WHAT IS BEING ASKED:
All the lines below need to be transcribed exactly. Pictures get left out.

DATA BELOW:
☆ ☆ ☆ ☆ ☆ ☆ ☆

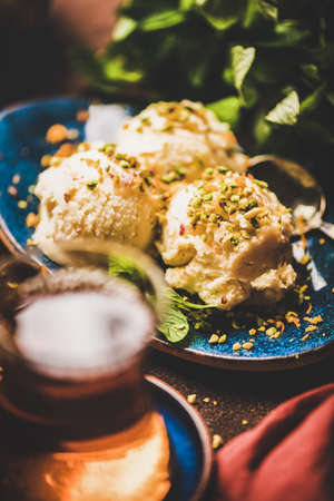 Turkish traditional dessert semolina helva. Scoops of sweet semolina helva with pistachio nuts, fresh mint and Turkish tea in plate over rusty table background, selective focus. Turkish cuisine
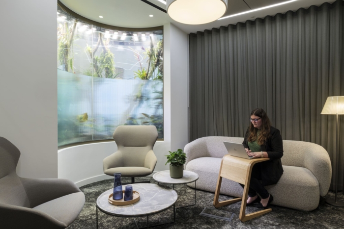 办公室设计:扇贝边缘的定制细木工制品和定制的钟乳石灵感灯参考自然颜色和纹理 日期:2024-4-9 15:49:52 人气:637 从沙子和海蓝色到涟漪效应的玻璃和墙壁处理,扇贝边缘的定制细木工制品和定制的钟乳石灵感灯,许多定制的固定装置和特色都参考了百慕大自然环境的颜色、形状和纹理。#办公室设计#该企业办公楼装修的第二个要求是确保高质量的工作环境,只指定具有超低或零挥发性有机化合物排放的材料和饰面,包括油漆饰面、粘合剂、密封剂、地板、隔音材料、家具和家具。#办公室设计公司# 上一篇: 公司办公室设计装修方案:鲜艳的色调是整个办公室餐厅营造动态氛围的首选 下一篇: 办公室装修设计:专注于木材的保暖贡献 为员工营造了舒缓的氛围
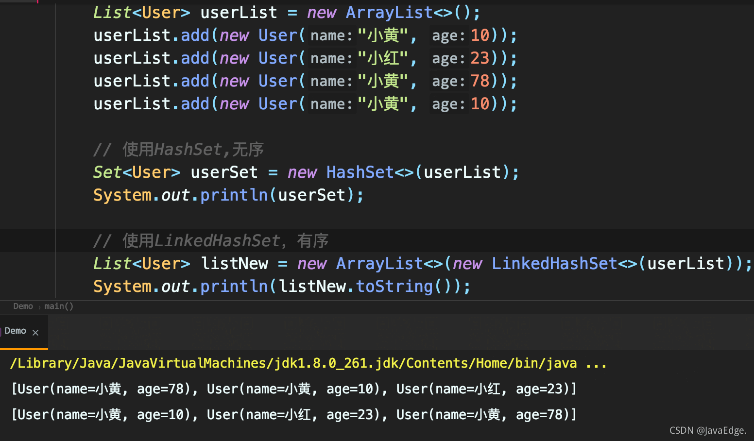 System.out.println("根据name,age去重后集合元素:" + uniqueNameAndAgeList.toString());

☆ ☆ ☆ ☆ ☆ ☆ ☆

REPLY TO THE TASK:
 Turkish traditional dessert semolina helva. Scoops of sweet semolina helva with pistachio nuts, fresh mint and Turkish tea in plate over rusty table background, selective focus. Turkish cuisine
 办公室设计:扇贝边缘的定制细木工制品和定制的钟乳石灵感灯参考自然颜色和纹理 日期:2024-4-9 15:49:52 人气:637 从沙子和海蓝色到涟漪效应的玻璃和墙壁处理,扇贝边缘的定制细木工制品和定制的钟乳石灵感灯,许多定制的固定装置和特色都参考了百慕大自然环境的颜色、形状和纹理。#办公室设计#该企业办公楼装修的第二个要求是确保高质量的工作环境,只指定具有超低或零挥发性有机化合物排放的材料和饰面,包括油漆饰面、粘合剂、密封剂、地板、隔音材料、家具和家具。#办公室设计公司# 上一篇: 公司办公室设计装修方案:鲜艳的色调是整个办公室餐厅营造动态氛围的首选 下一篇: 办公室装修设计:专注于木材的保暖贡献 为员工营造了舒缓的氛围
 System.out.println("根据name,age去重后集合元素:" + uniqueNameAndAgeList.toString());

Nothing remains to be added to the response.